Functional enrichment and immune infiltration analysis for anti-gastric cancer targets. (A) Venn diagram illustrated the intersection genes of Critical causative genes in gastric cancer and targets of Diosgenin. GC: gastric cancer. (B) Construct a protein-protein interaction network of Diosgenin in the treatment of gastric cancer using the STRING database. (C–F) The network plot displayed the importance of each gene evaluated using four algorithms (Matthews Correlation Coefficient (MCC), Maximum Neighborhood Component (MNC), Degree, and Closeness) in Cytoscape 3.10.1. Darker colors of nodes indicate greater importance of the gene. (G) Gene Ontology (GO) enrichment analysis (BP, biological process; CC, cellular component; MF, molecular function) of anti-gastric cancer targets. (H) Kyoto Encyclopedia of Genes and Genomes (KEGG) enrichment analysis of anti-gastric cancer targets. (I) Heatmap illustrated the correlation between anti-gastric cancer targets and 22 immune cells.

FIGURE 5

Differential expression and diagnostic efficacy for anti-gastric cancer targets. (A) Box plots showed the differential expression of anti-gastric cancer targets in tumor tissues and normal tissues. P value < 0.001***. (B) Receiver operating characteristic illustrated the diagnostic efficacy of anti-gastric cancer targets.

FIGURE 6

Summary-data-based Mendelian randomization analysis and single-gene gene set enrichment analysis. Locus zoom plot (A) and scatter plot (B) displayed causal effects between PLK1 and gastric cancer based on cis eQTLs from the eQTLGen consortium.
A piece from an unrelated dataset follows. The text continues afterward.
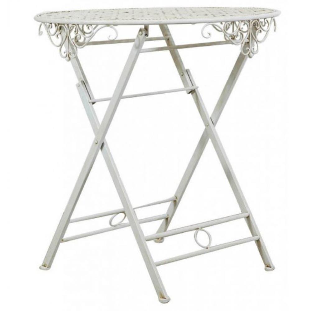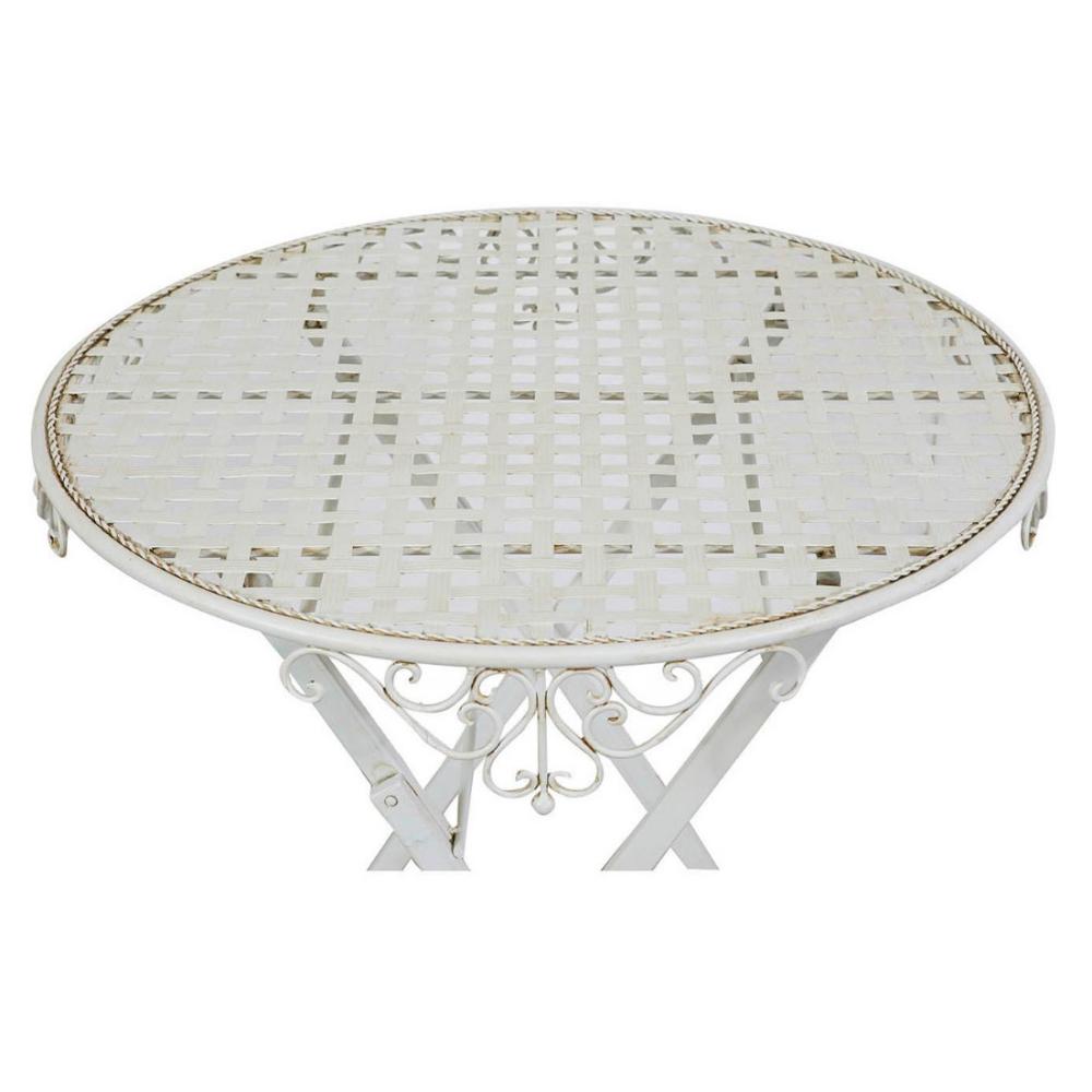 BISC-Skladací stôl z kovanej železa, antická biela, 70x76 cm

Locus zoom plot (C) and scatter plot (D) displayed causal effects between PLK1 and gastric cancer based on cis eQTLs from the GTEx Consortium V8. Top 10 pathways significantly enriched in PLK1 high (E) and low (F) expression groups.

FIGURE 7

Single‐cell type expression in gastric tumor tissue for the anti-gastric cancer targets. (A) A total of 9 cell types were identified in normal and gastric cancer tissues. (B) Proportion of 9 cell types in normal and gastric cancer tissues. (C) Differential expression of the anti-gastric cancer targets of Diosgenin at the cell level in normal and gastric cancer tissues. (D) A total of 11 cell types were identified in gastric cancer tissues. (E) Specific expression of the anti-gastric cancer target of Diosgenin on cell types in gastric cancer tissues.

FIGURE 8

Molecular docking results of Diosgenin with anti-gastric cancer targets. (A) BLM. (B) CYP27B1. (C) CCNE1. (D) PLK4. (E) TTK. (F) CHEK1.

FIGURE 9

Diosgenin modulates the proliferation, migration, and invasive capabilities of GC cells. (A) Cell viability was measured using the CCK-8 assay. (B) Colony formation assays were performed to assess clonogenic potential. (C) Wound healing assays were used to evaluate cell migration. (D) Transwell assays were conducted to determine cell invasiveness. P value < 0.05*

FIGURE 10

Western blot was performed to detect the protein expression levels of MDM2, p53, and PLK1 in GC cells. (A) Western blot results of MDM2, p53. (B) Western blot results of PLK1. P value < 0.05*, P value < 0.001***.